Surf’s up and so is ‘Unstoppable’

  • Bill Buley / TGIFR!DAY

    Kauai native Bethany Hamilton graces the poster for a new documentary on her life, “Unstoppable,” as seen in the lobby of Waimea Theatre recently.

If you’re a Bethany Hamilton fan, if you know of her story, if you’re a surfer, if you call Hawaii home, you’ll love “Unstoppable.”

And if you’re not a Bethany Hamilton fan (hard to believe), if you haven’t heard her story (you must live a sheltered life) and if you don’t live in Hawaii (most people don’t), you’ll still enjoy this documentary for what it is: A tribute to the strength, courage and determination of someone who simply insists that despite the loss of her left arm to a shark, life is and will be beautiful — if you have faith and believe.

Hamilton definitely has faith and she definitely believes.

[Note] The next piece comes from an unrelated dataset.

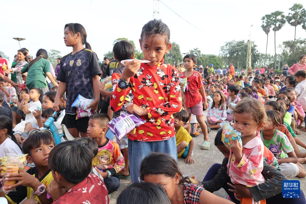 12月12日,在柬埔寨班迭棉吉省的一处居民安置点,因柬泰边境冲突而撤离的柬埔寨儿童领取零食。

This documentary by Aaron Lieber recently had a week-long run at the Waimea Theatre and pretty much packed the house each night. In some ways, it continues the story that was told in “Soul Surfer.” With incredible surfing footage, it takes viewers on a thrilling ride with Bethany as she goes up against the best surfers in the world (and wins two heats) and conquers the massive waves of “Jaws” off the coast of Maui. We also get to meet, on screen, her husband, Adam (a cool dude himself) and their first son, Tobias. They are relaxed and happy, supportive, facing the same daily challenges most of us do.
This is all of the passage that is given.